There are a total of 92 Paia mill workers, 40 of whom will be transferred to Puunene

The Puunene Mill will become the only operating sugar mill left on Maui, following the closure of Amfac's Pioneer Mill in September 1999.

Kauai is the only other island with sugar production, done on land owned by Amfac and Gay & Robinson. A&B closed its McBryde Sugar Co. on Kauai in September 1996.

Oahu's sugar industry ceased in October 1996, after the closure of Dole's Waialua Sugar and the year-earlier shutdown of Amfac's Oahu Sugar Co.

"As Charles Darwin said, it is not the strongest who survive, but those who adapt the quickest and the best," said Stephen Holaday, HC&S plantation general manager.

U.S. sugar prices have fallen 20 percent, or five cents a pound, in the past year, robbing HC&S alone of about $20 million in revenues, the company said.
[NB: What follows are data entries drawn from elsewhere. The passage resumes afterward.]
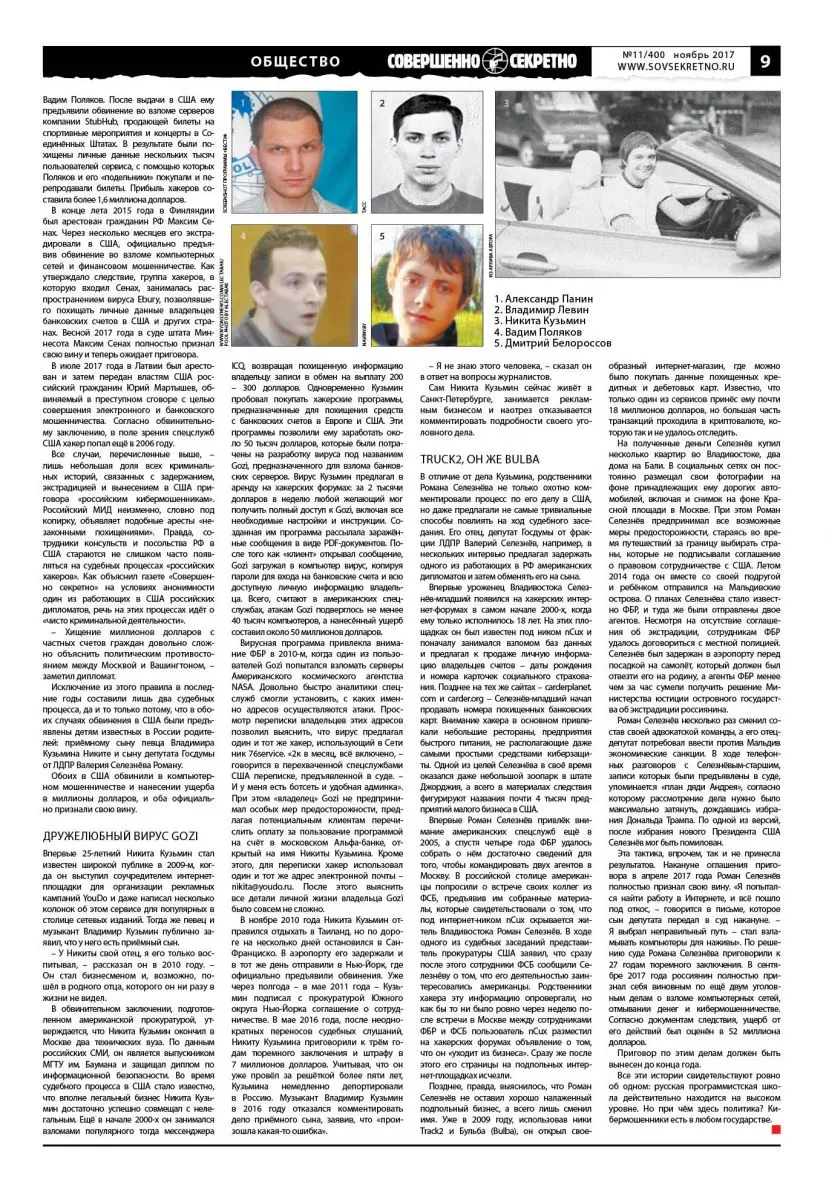 Газета «Совершенно секретно» решила «присоединиться» к этой шумной кампании и напомнить о самых громких уголовных делах, в которых действительно фигурировали «российские киберпреступники». Но вот насколько их действия действительно были связаны с политикой, решать вам.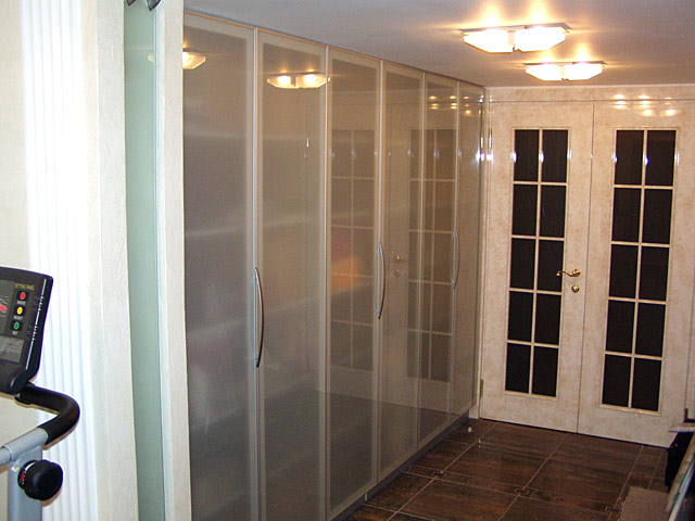 Двери кладовой, по образцу которых будут смоделированы двери гардероба Варианта 2, с матовым или текстурированным стеклом, и каждая дверь на 1-2 дюйма шире: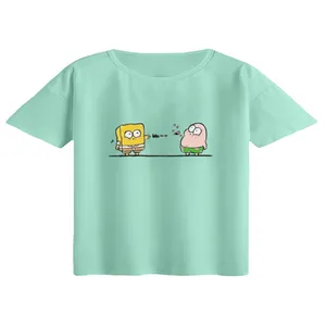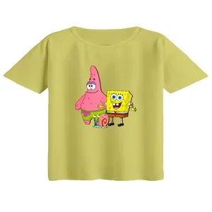 کراپ تیشرت آستین کوتاه زنانه مدل باب اسفنجی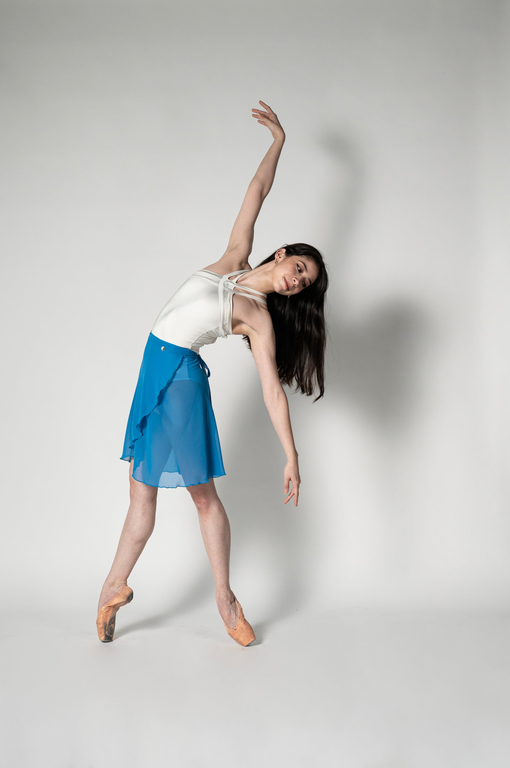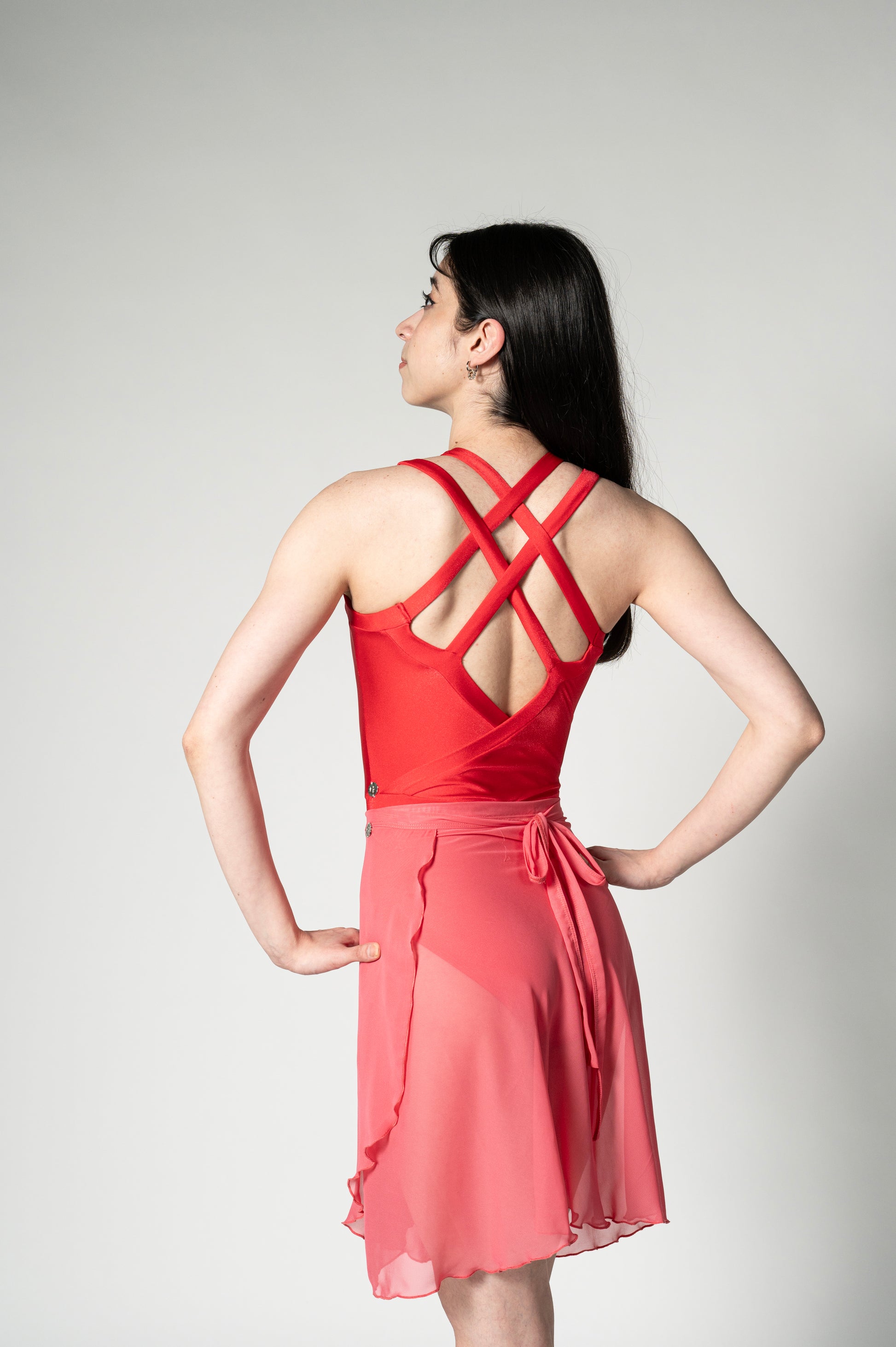 Leotardo de color liso con tirantes cruzados al frente y en la espalda.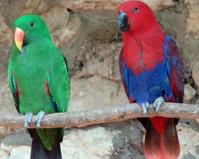 不拘一格的鸚鵡采用“一妻多夫”或“一夫多妻”制度,具有獨特的性二色性形式,雌性羽毛為紅色和藍色,雄性羽毛為綠色。為了吸引配偶,雌性可能會坐在腹部的開口處,露出鮮紅的羽毛。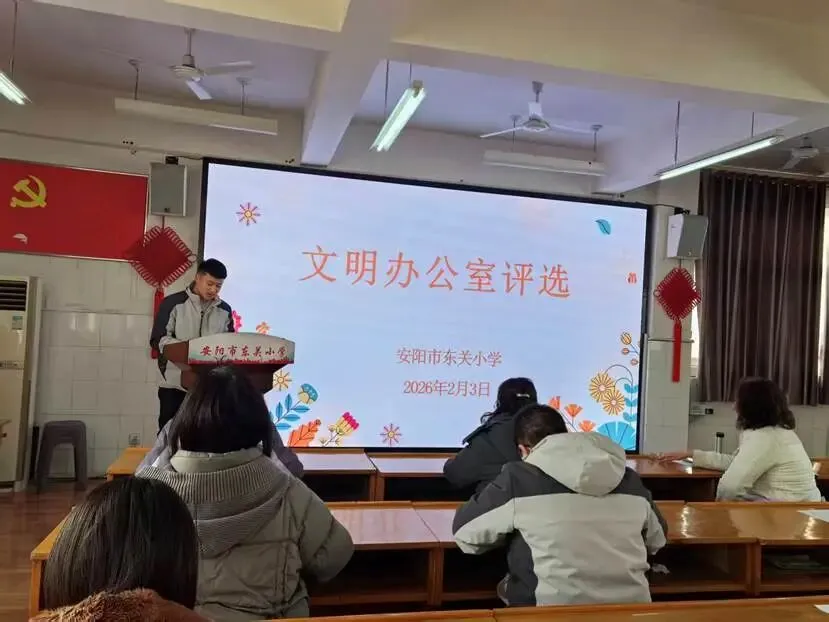 英语办公室以“开篇闪亮登场”拉开汇报序幕,独特的呈现方式让人眼前一亮。英语办公室以亮眼的风貌在评选中脱颖而出,办公室环境整洁雅致、布置温馨有序,各类办公用品摆放规范,细节处尽显用心,既营造了舒适的办公氛围,也传递出浓厚的教学氛围。科室全体教师始终怀揣对教育事业的赤诚热爱,将这份热爱融入日常的备课、教学、教研之中,以饱满的热情投入英语教学工作,在三尺讲台上传道授业,用专业与爱心陪伴学生成长,让英语课堂充满活力,展现了英语教师团队积极向上、敬业笃行的良好精神风貌。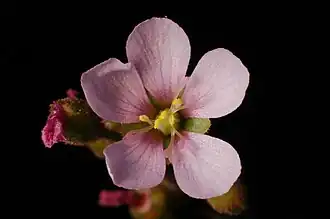 Die Blütenstandsachse ist meist aufrecht, selten am unteren Teil gebogen, am Ansatz behaart, blattlos und bis zu 20 Zentimeter lang, an ihrem Ende trägt sie um die acht, gelegentlich bis zu zwölf kleine, selten offene Blüten an 2 Millimeter langen Blütenstielen. Die Kelchblätter sind verwachsen, die einzelnen Lappen sind bis zu 5 Millimeter lang. Die Kronblätter sind umgekehrt-eiförmig, genagelt, pinkfarben, lila oder weiß und haben eine Länge von bis zu 7 Millimetern.

Sugar prices are at the lowest levels in twenty years.

Moreover, HC&S's monthly water deliveries have recently hit 15-year lows because of three consecutive years of below-normal rainfall on Maui. That could stunt the company's sugar production by 15,000 to 20,000 tons by the end of this year, with similar losses expected next year.

HC&S said it expects to have its revenue cut by 25 percent this year compared with last year.

Apart from closing Paia Mill, HC&S said it has frozen all nonessential capital expenditures and intensified its push for sugar programs from the U.S. government.

It is also planning to open a new fiberboard plant in November, creating 30 jobs. The composite panel board will be constructed from sugar cane fibers and marketed under the name Hawaiian DuraGreen, Holaday said.